Source data:
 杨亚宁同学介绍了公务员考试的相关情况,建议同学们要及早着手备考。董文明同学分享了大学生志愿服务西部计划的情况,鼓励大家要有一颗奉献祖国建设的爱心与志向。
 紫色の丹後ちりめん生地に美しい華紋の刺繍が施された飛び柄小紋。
---
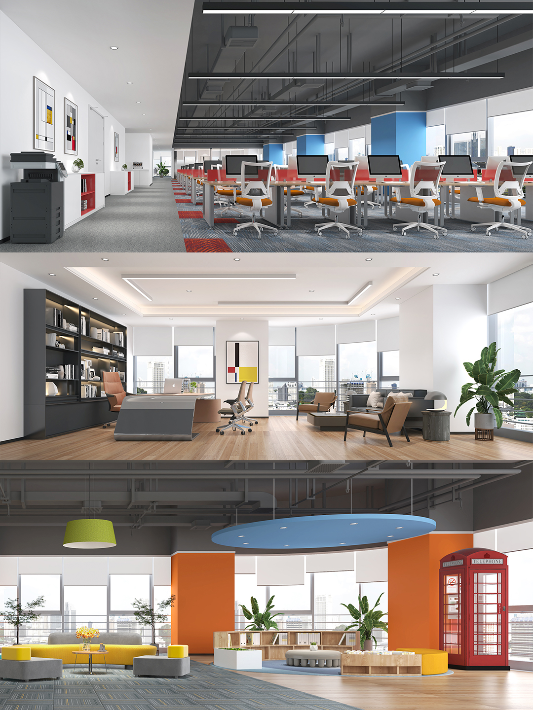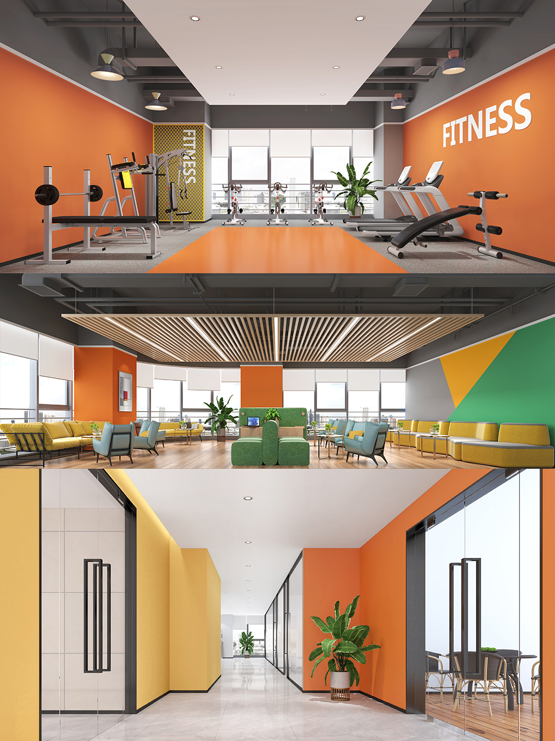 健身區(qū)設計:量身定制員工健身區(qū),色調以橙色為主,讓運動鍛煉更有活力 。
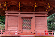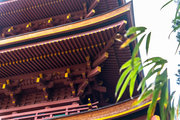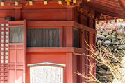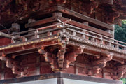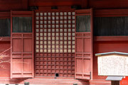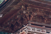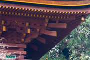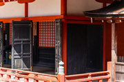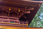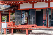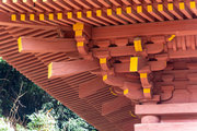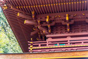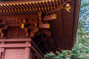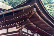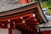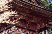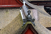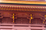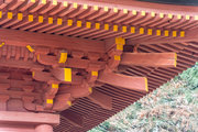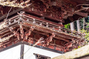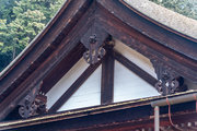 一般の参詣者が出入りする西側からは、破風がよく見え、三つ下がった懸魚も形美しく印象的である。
--
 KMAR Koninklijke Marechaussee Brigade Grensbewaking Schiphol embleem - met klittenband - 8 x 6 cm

Task statement:
Look above for the line holding "杨亚宁同学介绍了公务员考试的". Print it and every line after it, exactly, through the line holding "紫色の丹後ちりめん生地に美しい華紋の刺繍が施された飛び柄小紋。".

Reply:
 杨亚宁同学介绍了公务员考试的相关情况,建议同学们要及早着手备考。董文明同学分享了大学生志愿服务西部计划的情况,鼓励大家要有一颗奉献祖国建设的爱心与志向。
 紫色の丹後ちりめん生地に美しい華紋の刺繍が施された飛び柄小紋。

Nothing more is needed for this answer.